• **The problem**: A faithful copy is needed of the lines below from the one with "Среди приглашенных на" up to and including the one with "Panduit CLC100X3S8C370 is"; set it down with no pictures and no other lines.

Content starts

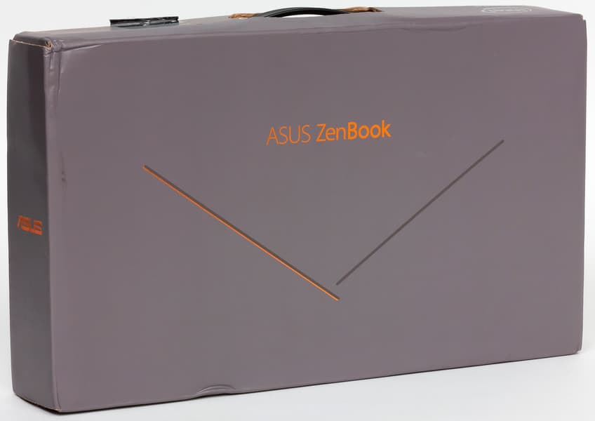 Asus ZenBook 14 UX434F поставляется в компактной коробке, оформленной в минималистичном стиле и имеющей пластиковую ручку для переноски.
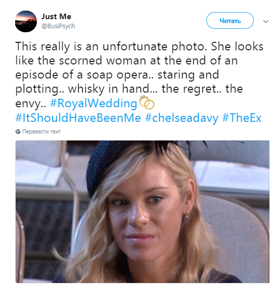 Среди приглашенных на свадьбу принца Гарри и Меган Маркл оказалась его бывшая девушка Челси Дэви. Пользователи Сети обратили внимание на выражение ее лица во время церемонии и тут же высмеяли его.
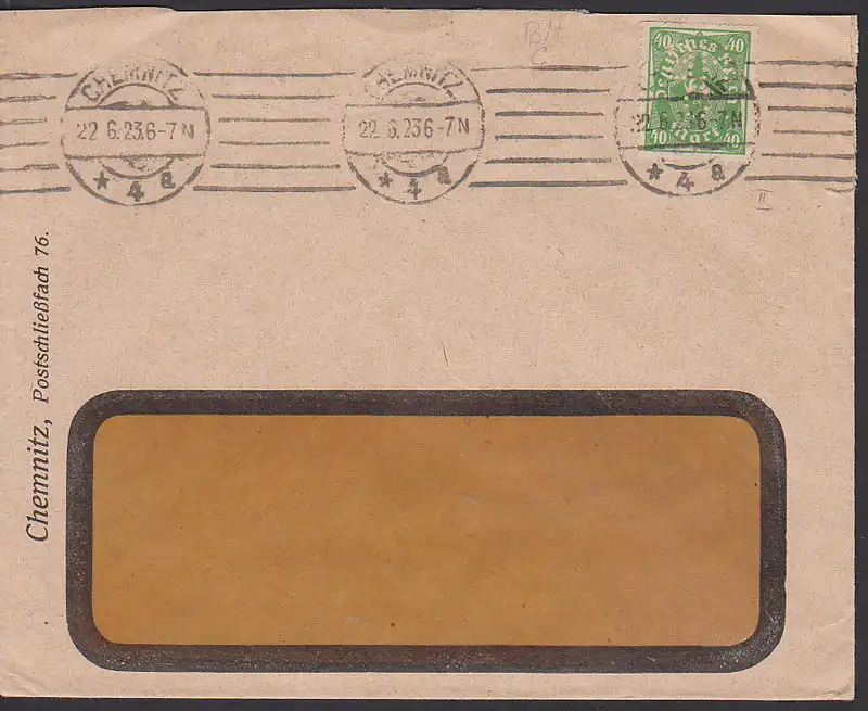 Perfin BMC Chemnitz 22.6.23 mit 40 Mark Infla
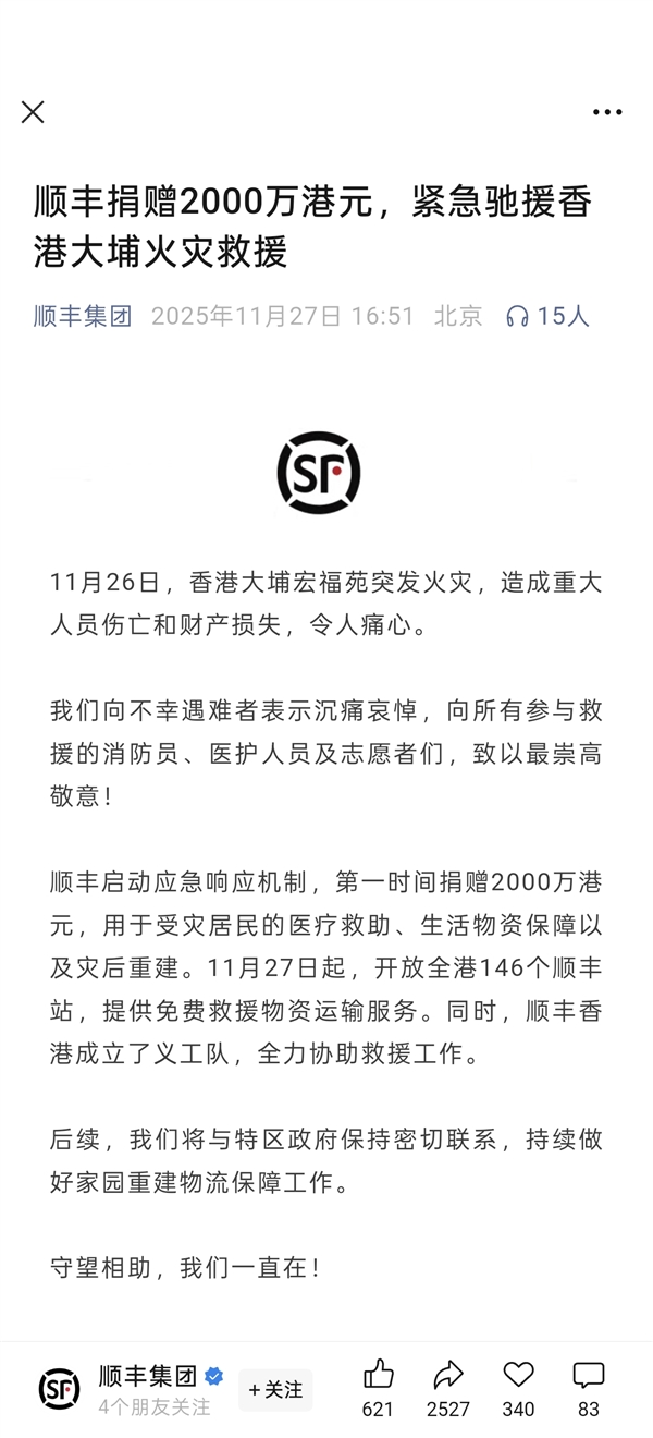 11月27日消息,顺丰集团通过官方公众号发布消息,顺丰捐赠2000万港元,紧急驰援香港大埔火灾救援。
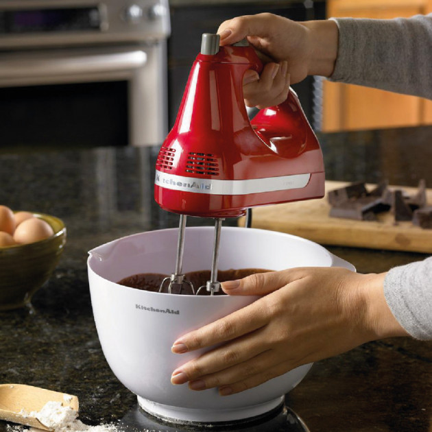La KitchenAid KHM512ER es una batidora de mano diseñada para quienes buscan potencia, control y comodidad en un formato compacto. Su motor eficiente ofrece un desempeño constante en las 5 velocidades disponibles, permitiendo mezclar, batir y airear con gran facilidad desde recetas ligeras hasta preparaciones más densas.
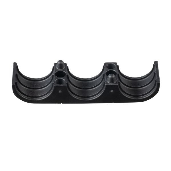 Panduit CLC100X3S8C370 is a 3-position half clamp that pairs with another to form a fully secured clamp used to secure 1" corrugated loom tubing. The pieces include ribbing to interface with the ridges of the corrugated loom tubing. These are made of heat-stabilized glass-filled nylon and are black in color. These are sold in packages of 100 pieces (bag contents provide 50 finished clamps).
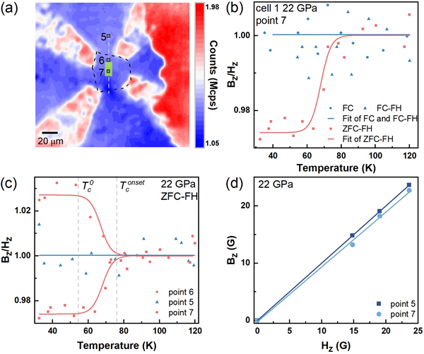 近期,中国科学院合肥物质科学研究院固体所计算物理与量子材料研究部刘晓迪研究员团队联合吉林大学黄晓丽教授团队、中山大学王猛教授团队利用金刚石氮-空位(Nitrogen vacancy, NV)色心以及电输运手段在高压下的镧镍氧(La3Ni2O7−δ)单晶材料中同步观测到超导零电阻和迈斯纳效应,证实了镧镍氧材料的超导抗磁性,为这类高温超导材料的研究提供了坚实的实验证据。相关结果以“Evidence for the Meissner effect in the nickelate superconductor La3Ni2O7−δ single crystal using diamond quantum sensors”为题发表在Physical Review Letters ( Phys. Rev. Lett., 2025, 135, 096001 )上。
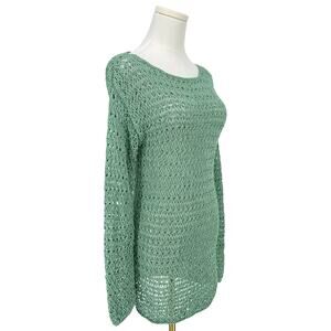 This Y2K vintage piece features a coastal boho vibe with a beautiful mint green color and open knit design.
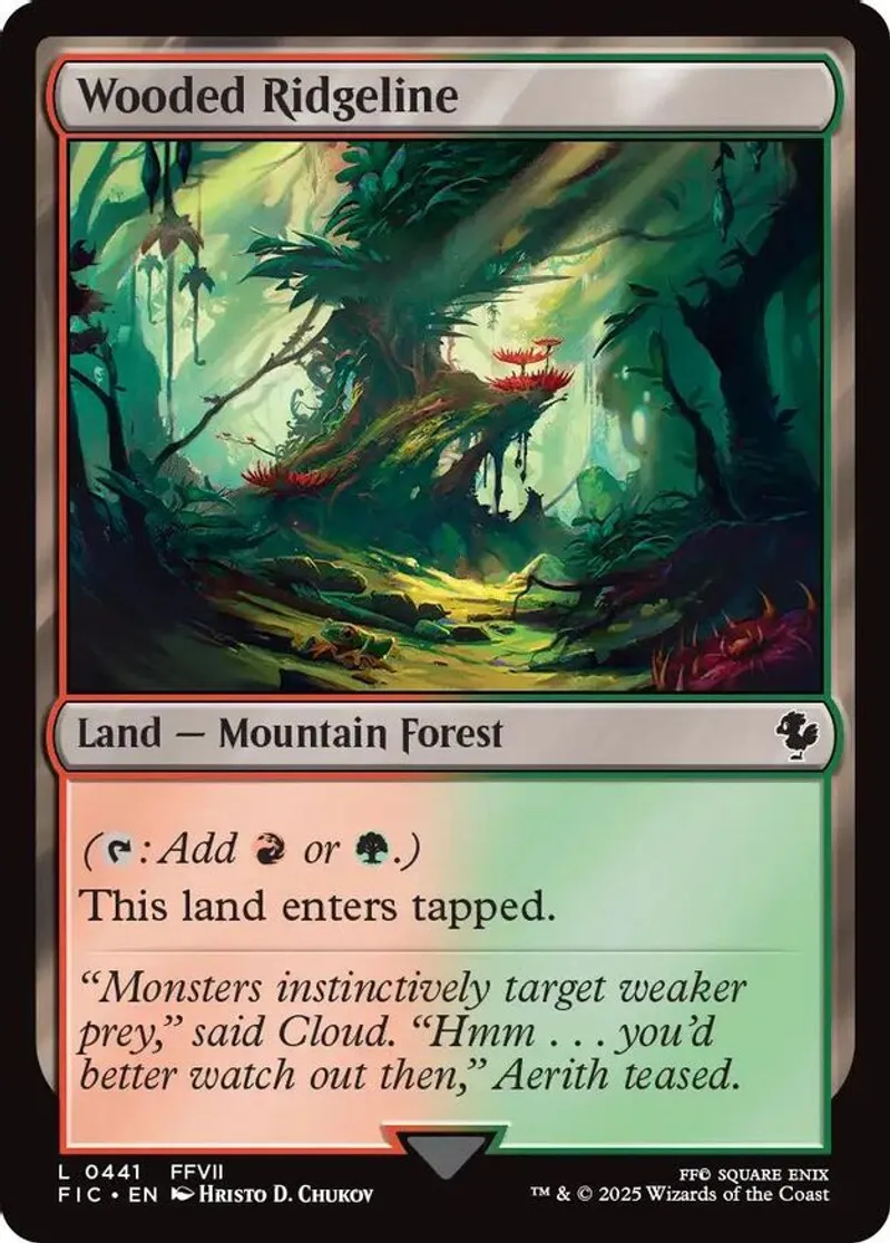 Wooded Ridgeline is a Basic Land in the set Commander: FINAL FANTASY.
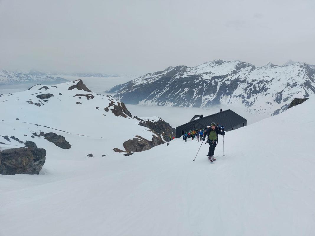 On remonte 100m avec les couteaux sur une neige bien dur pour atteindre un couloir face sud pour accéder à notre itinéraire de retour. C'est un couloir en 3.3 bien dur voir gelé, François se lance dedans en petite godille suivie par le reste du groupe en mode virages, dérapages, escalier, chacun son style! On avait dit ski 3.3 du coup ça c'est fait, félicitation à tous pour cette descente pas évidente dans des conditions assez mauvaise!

Content ends

• **Reply**:
 Среди приглашенных на свадьбу принца Гарри и Меган Маркл оказалась его бывшая девушка Челси Дэви. Пользователи Сети обратили внимание на выражение ее лица во время церемонии и тут же высмеяли его.
 Perfin BMC Chemnitz 22.6.23 mit 40 Mark Infla
 11月27日消息,顺丰集团通过官方公众号发布消息,顺丰捐赠2000万港元,紧急驰援香港大埔火灾救援。
La KitchenAid KHM512ER es una batidora de mano diseñada para quienes buscan potencia, control y comodidad en un formato compacto. Su motor eficiente ofrece un desempeño constante en las 5 velocidades disponibles, permitiendo mezclar, batir y airear con gran facilidad desde recetas ligeras hasta preparaciones más densas.
 Panduit CLC100X3S8C370 is a 3-position half clamp that pairs with another to form a fully secured clamp used to secure 1" corrugated loom tubing. The pieces include ribbing to interface with the ridges of the corrugated loom tubing. These are made of heat-stabilized glass-filled nylon and are black in color. These are sold in packages of 100 pieces (bag contents provide 50 finished clamps).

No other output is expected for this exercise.